GERECHTSHOF ‘s-GRAVENHAGE
Familiesector
Uitspraak : 21 juni 2006
Rekestnummer. : 1557-D-05
Rekestnr. rechtbank : FA RK 05-7603
[verzoeker],
wonende te Schiedam,
verzoeker in hoger beroep,
hierna te noemen: de biologische vader,
procureur mr. W.P. den Hertog,
1. [verweerster 1],
hierna te noemen: de moeder,
en
2. [verweerder 2],
hierna te noemen: de partner van de moeder,
beiden wonende te Puttershoek, gemeente Binnenmaas,
verweerders in hoger beroep,
procureur mr.

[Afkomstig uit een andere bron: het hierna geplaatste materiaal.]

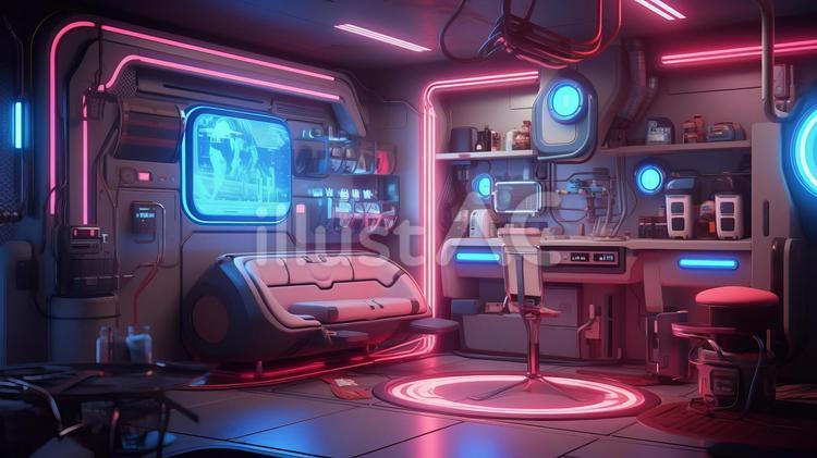 近未来的なオシャレでサイバーなDJマイルーム近未来背景イラスト素材 - UnrealityD'elf - BOOTH。
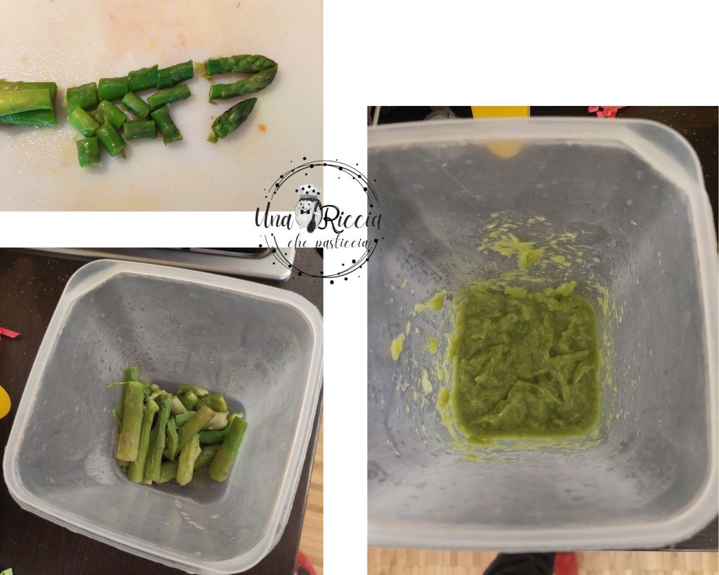 We nemen de asperges en leggen ze op een snijplank, snijden de punten af en leggen deze apart, dan snijden we het zachte deel van de asperge in stukjes totdat je het harde, vezelige deel bereikt. We plaatsen deze laatste delen in een container, voegen een halve soeplepel van het kookwater toe, een snufje zout en een snufje peper en pureren ze met een staafmixer tot een crème.
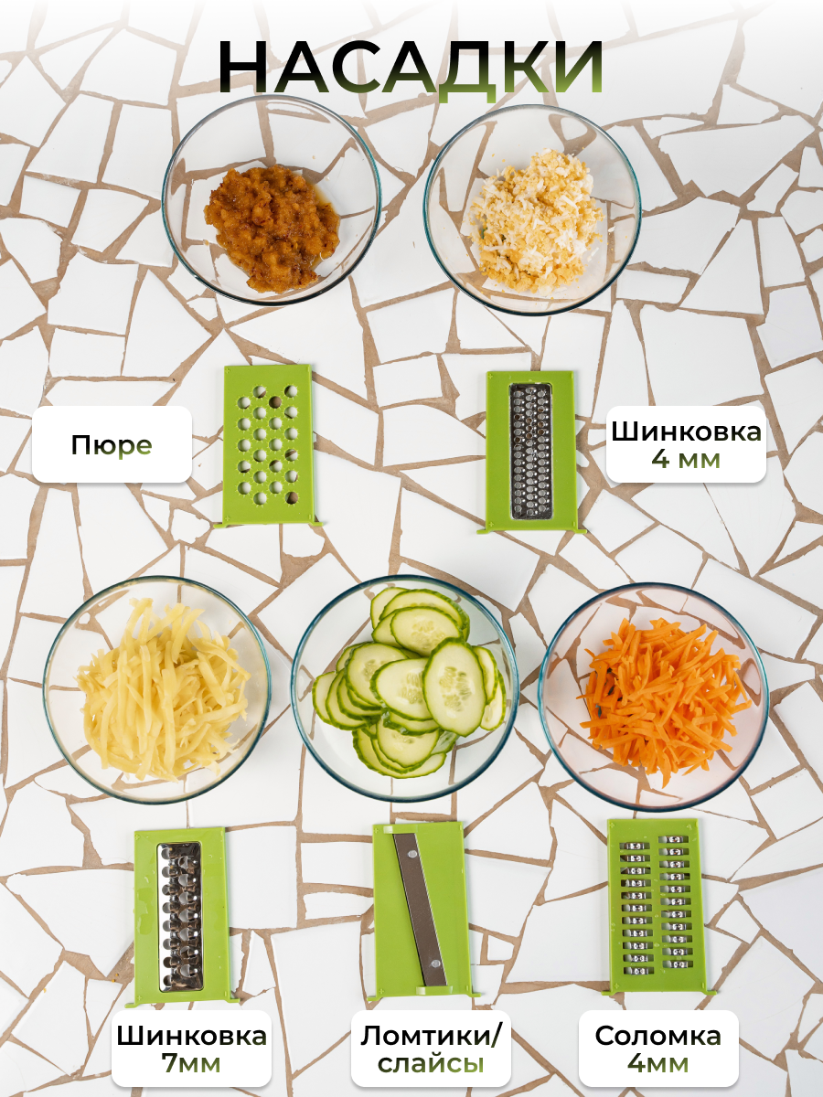 Отзывы на Овощерезка многофункциональная "5 в 1", пластик, нержавеющая сталь, 5 сменных насадок

S.E. van der Meer.
PROCESVERLOOP IN HOGER BEROEP
De biologische vader is op 21 december 2005 in hoger beroep gekomen van een beschikking van de rechtbank te Dordrecht van 21 september 2005.

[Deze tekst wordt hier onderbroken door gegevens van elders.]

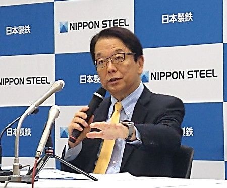 東京都内で記者会見した森高弘副会長は、USスチール買収による今期の増益効果を800億円程度と説明。
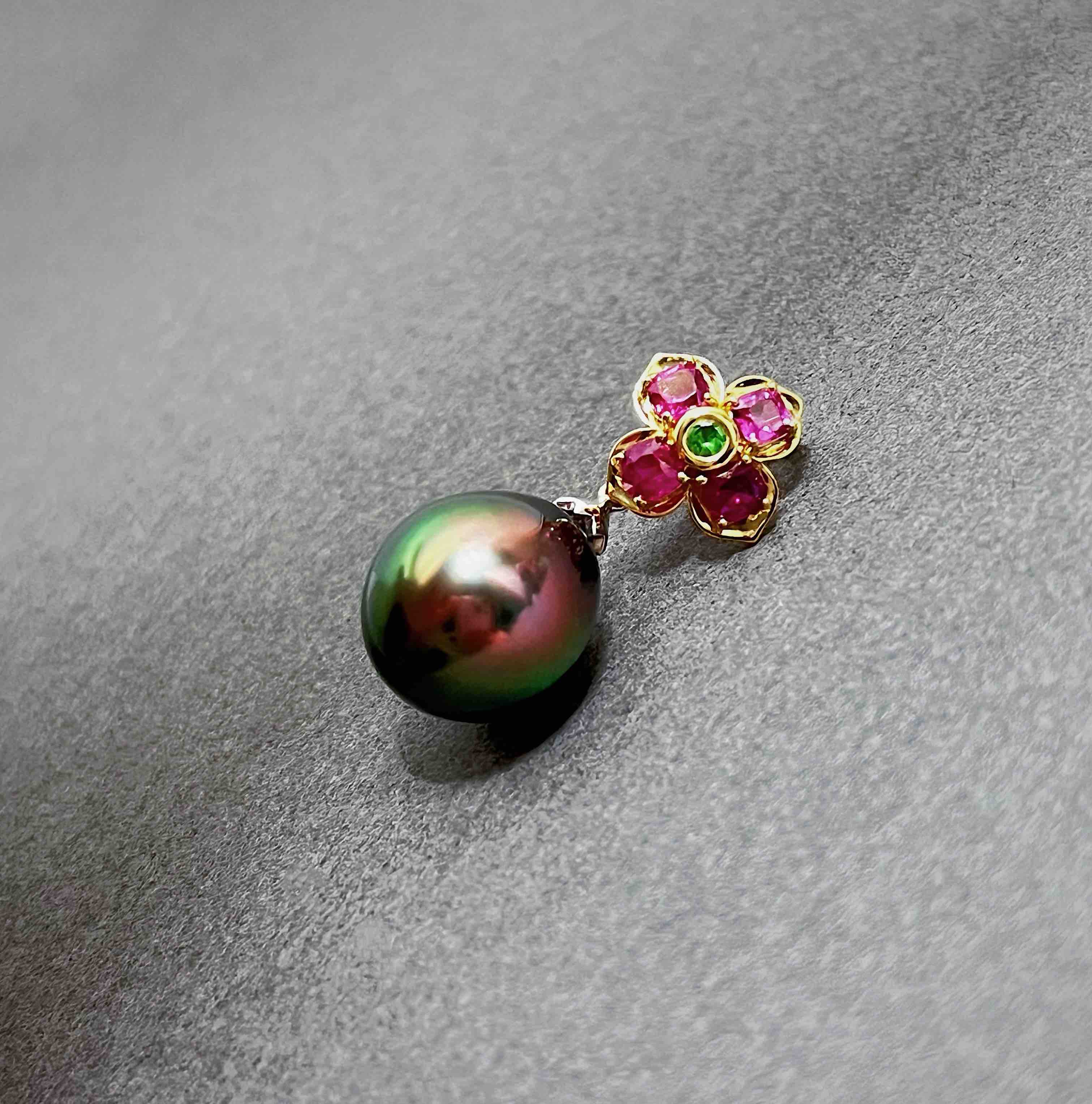 BY EVITA系列 18K镶红宝石、沙弗莱和孔雀绿色大溪地珍珠 坠子

De moeder en haar partner hebben op 3 mei 2006 een verweerschrift ingediend.
Van de zijde van de biologische vader zijn bij het hof op 1 maart 2006 aanvullende stukken ingekomen.
De raad heeft het hof bij brief van 20 april 2006 laten weten niet ter terechtzitting te zullen verschijnen.
Op 24 mei 2006 is de zaak mondeling behandeld. Verschenen zijn: de biologische vader, bijgestaan door mr. A.G.H.M. Ganzeboom, advocaat te Capelle aan den IJssel, en de moeder en haar partner, bijgestaan door hun procureur. Partijen en hun raadslieden hebben het woord gevoerd. De hierna te noemen [x][de minderjarige] is in raadkamer gehoord.
Ter zitting heeft het hof partijen de vraag voorgehouden of mediation niet een geschikt middel is om te trachten het geschil, dat hen verdeeld houdt, in gezamenlijk overleg op te lossen. De vader heeft verklaard dit een goed idee te vinden. De moeder heeft verklaard dat zij hierover nog wilde nadenken. Vervolgens heeft het hof de moeder in de gelegenheid gesteld om na te denken over deelname aan mediation en het hof uiterlijk op 1 juni 2006 over haar besluit te informeren. Bij faxbericht, ingekomen bij het hof op 1 juni 2006, heeft de procureur van de moeder en haar partner het hof bericht dat mediation voor hen niet haalbaar is.
VASTSTAANDE FEITEN EN HET PROCESVERLOOP IN EERSTE AANLEG
Voor het procesverloop en de beslissing in eerste aanleg verwijst het hof naar de bestreden beschikking.
Het hof gaat uit van de door de rechtbank vastgestelde feiten, voor zover daar in hoger beroep geen grief tegen is gericht.
BEOORDELING VAN HET HOGER BEROEP
1. In geschil is het gezag over [x], geboren in 1992, verder: [de minderjarige].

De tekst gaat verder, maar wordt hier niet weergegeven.